The amplification unit AMP may amplify the alarm signal and convert the amplified alarm signal into a second alarm signal SG1-02 (refer to FIG. 2).
The sensor memory MM may store information on a plurality of sensors. The plurality of sensors may include sensors SS1, SS2, and SS3 mounted on the sensor module SM. The sensor module SM may detect the mounted sensors SS1, SS2, SS3, and automatically determine a modulation method for signals generated by the mounted sensors SS1, SS2, and SS3 through information stored in the sensor memory MM. Through this automatic modulation method, even if any kind of sensors are mounted on the sensor module SM, the sensors may be set to a state in which the alarm information may be easily transmitted.
The sensor memory MM may store a signal transmission path that is a path optimized for communication with the relay system 200 (refer to FIG. 1).
Each of the plurality of sensing units may include unique address information. The address information may include a product number, a manufacturing number, or a location (address) where the product is installed. In an embodiment of the inventive concept, the unique address information may be stored in the sensor memory MM, but is not limited thereto and may be stored in other ways.
The sensor memory MM may include a volatile memory or a non-volatile memory. Volatile memory may include DRAM, SRAM, flash memory, or FeRAM. Non-volatile memory may include SSD or HDD.
The sensing unit 110 may include a power saving mode (or standby mode) and a normal mode (or active mode). The sensing unit 110 may stand by in a power saving mode that minimizes power consumption in a situation where the occurrence of a fire is not detected. When a fire is detected or an activation signal is received, the sensing unit 110 may be activated in a normal mode state. For example, when at least one of the sensors SS1, SS2, and SS3 detects the occurrence of a fire and generates a fire detection signal, the sensor module SM, which has been waiting in the power saving mode state, may be activated in the normal mode.
According to the inventive concept, the sensing unit 110 is divided into a power saving mode in which power is not consumed and a normal mode operating in a fire situation, thereby minimizing power use of the sensing unit 110. Therefore, the fire alarm system FAS (refer to FIG. 1) may be driven with low power.

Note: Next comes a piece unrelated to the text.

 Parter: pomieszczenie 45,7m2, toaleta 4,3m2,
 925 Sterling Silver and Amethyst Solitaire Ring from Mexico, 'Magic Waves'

FIG. 4a is a flowchart illustrating a method of operating the sensor module SM of the sensing unit 110 shown in FIG. 3.
Referring to FIGS. 2, 3, and 4 a, FIG. 4a may be a process of transmitting the first alarm transmission signal SG1-1 a.
The first alarm transmission signal SG1-1 a may be a signal including alarm information generated by the fire detection signal generated by the sensors SS1, SS2, and SS3 mounted on the sensor module SM detecting a fire.

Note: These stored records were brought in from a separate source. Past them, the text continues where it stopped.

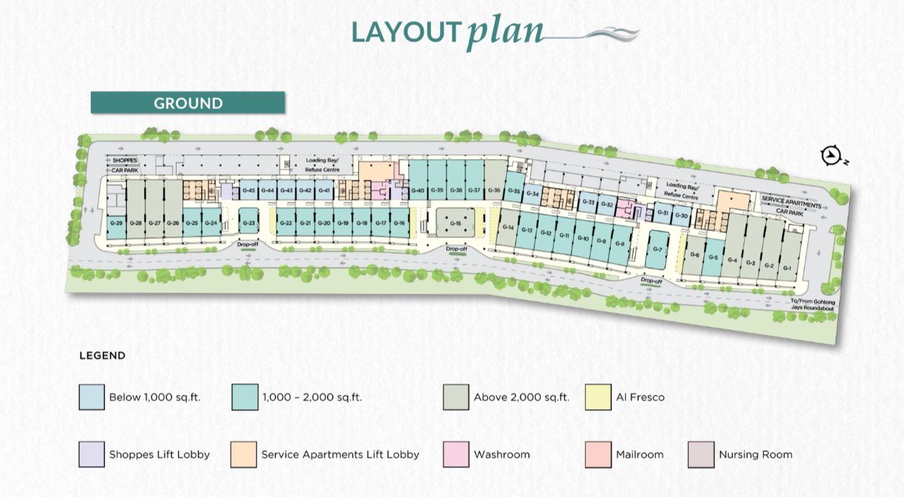 In contrast, the Breeze Hill Shoppes are offered as versatile unfurnished retail lots, providing business owners a blank canvas to customize their brand identity. These exclusive 90 units are engineered for high-impact commercial use, featuring wide 9-meter frontages and double-frontage options that significantly enhance visibility and customer accessibility. A standout architectural feature is the ground-floor high ceilings of up to 8 meters, allowing for spectacular double-volume conversions or mezzanine levels. This combination of expansive storefronts and soaring vertical space creates a premier al-fresco-inspired lifestyle hub, perfectly suited for flagship cafés, artisanal boutiques, or wellness centers looking to capture the massive tourist footfall in Gohtong Jaya.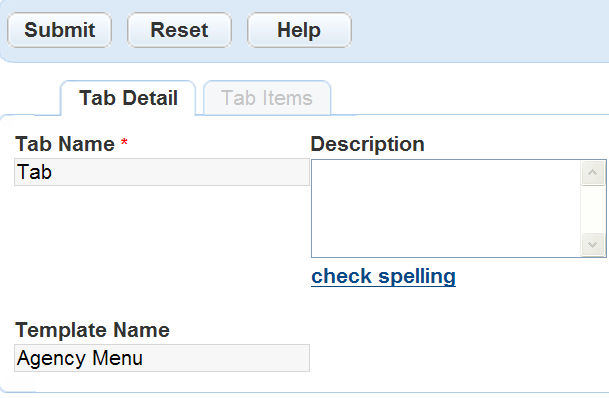 Description Enter a description for the tab menu. Tab Name This read-only field displays “Tab,” the default name reserved for tabs. Template Name This read-only field displays the template name. Click Submit.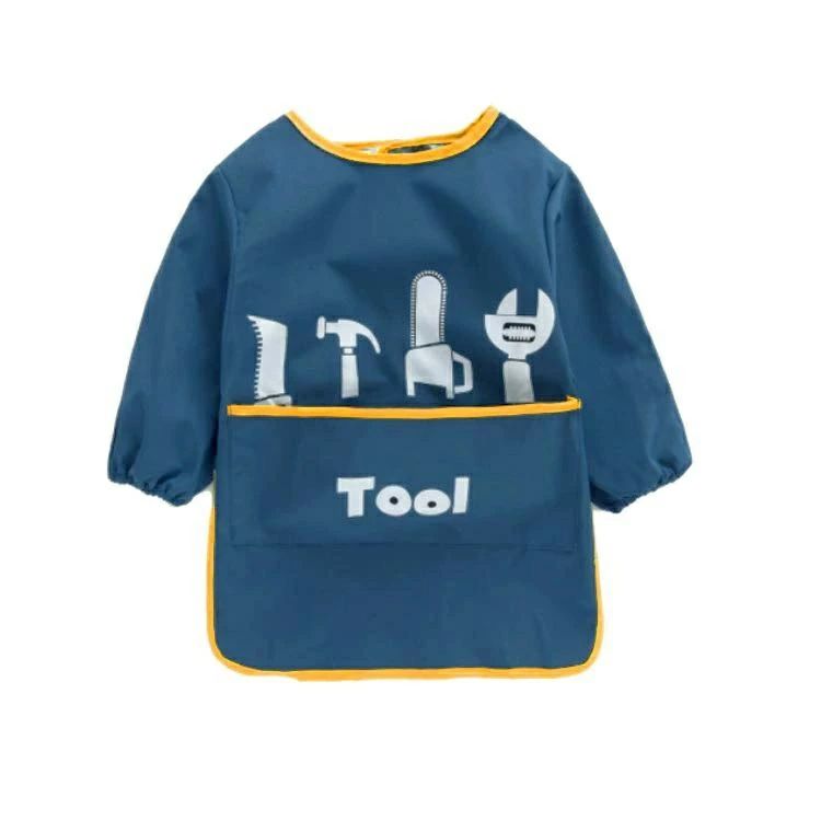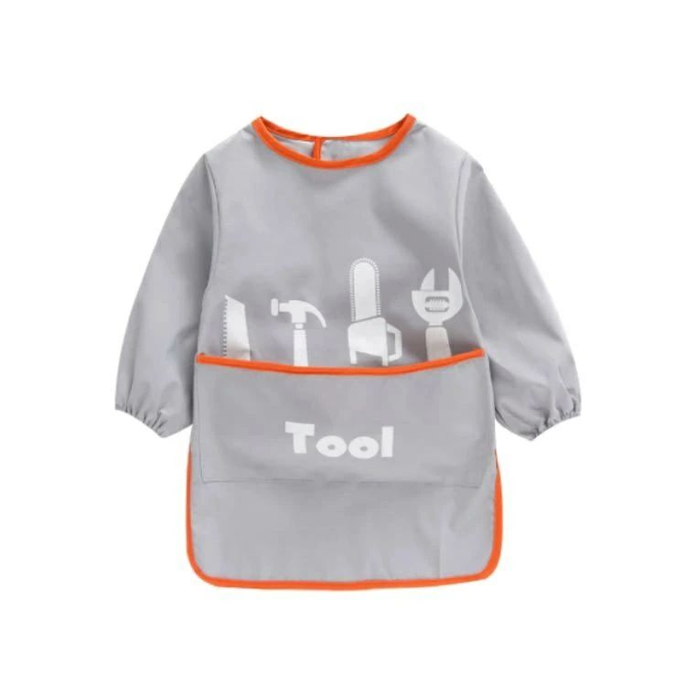 【送料無料】ポケットつき 子ども 子供 女の子 男の子 キッズ お食事エプロン ロング 汚れ防止 防水 長袖スモック ロング丈スモック

The sensor module SM may stand by in a power saving mode. When receiving a fire detection signal from the sensors SS1, SS2, and SS3, the communication unit ATN may change to the normal mode.

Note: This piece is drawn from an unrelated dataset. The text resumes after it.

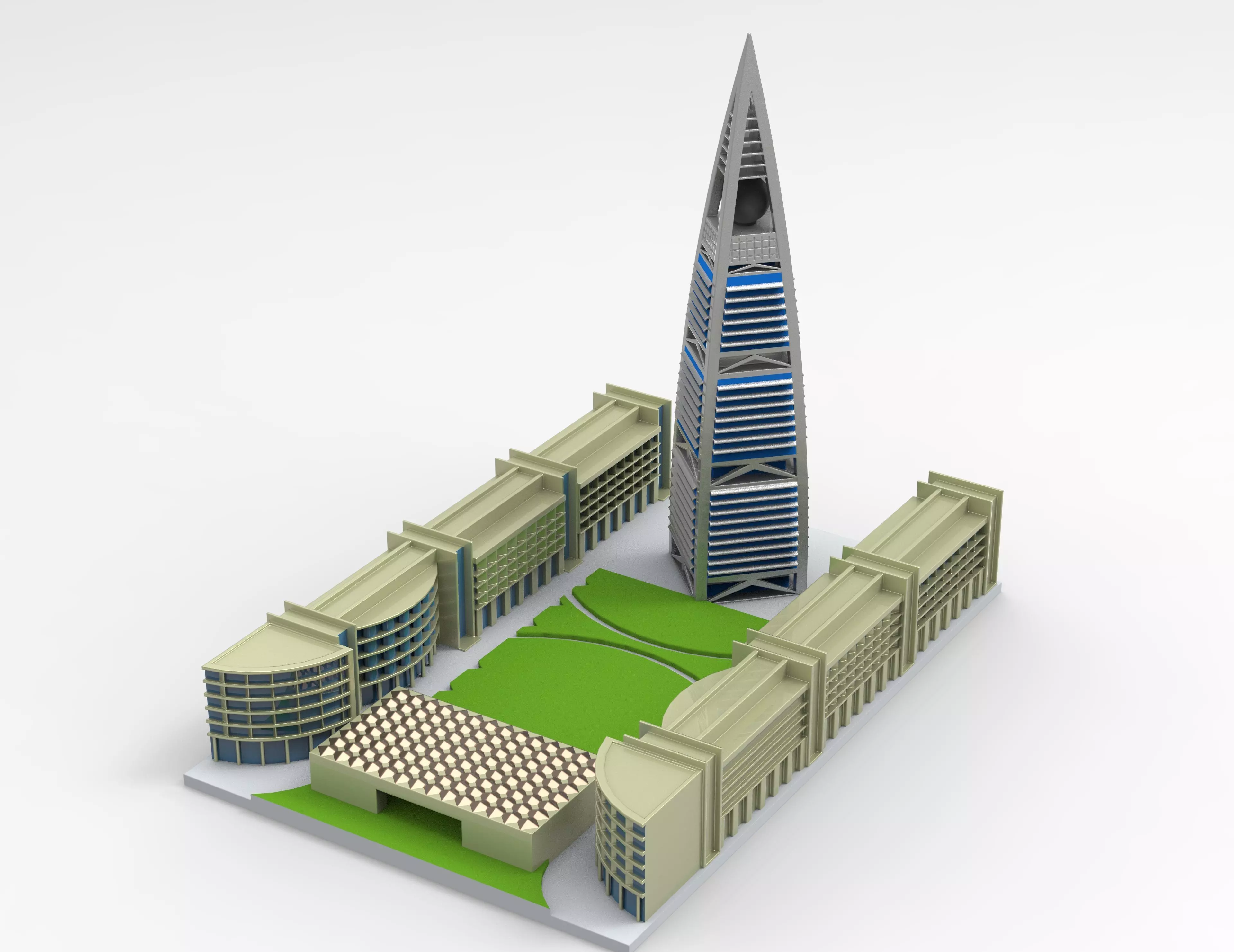 English Description:A highly detailed and realistic 3D model of the iconic Al Faisaliah Tower in Riyadh — one of the most distinctive architectural landmarks in Saudi Arabia, known for its modern triangular structure and its famous glass sphere crowning the top.

The communication unit ATN may transmit the first alarm transmission signal SG1-1 a to the relay system 200. The relay system 200 that has received the first alarm transmission signal SG1-1 a may transmit the first alarm reception signal SG1-1 b to the communication unit ATN. The communication unit ATN may receive the first alarm reception signal SG1-1 b from the relay system 200. The communication unit ATN may confirm that the relay system 200 has received the first alarm transmission signal SG1-1 a by receiving the first alarm reception signal SG1-1 b.
The communication unit ATN may sequentially transmit an activation signal for converting the power saving mode to the normal mode and a first alarm transmission signal SG1-1 a to at least one sensing unit among a plurality of adjacent sensing units. The at least one sensing unit that has received the first alarm transmission signal SG1-1 a may transmit the first alarm reception signal SG1-1 b to the communication unit ATN. The communication unit ATN may receive the first alarm reception signal SG1-1 b from the at least one sensing unit. The communication unit ATN may confirm that the at least one sensing unit has received the first alarm transmission signal SG1-1 a by receiving the first alarm reception signal SG1-1 b.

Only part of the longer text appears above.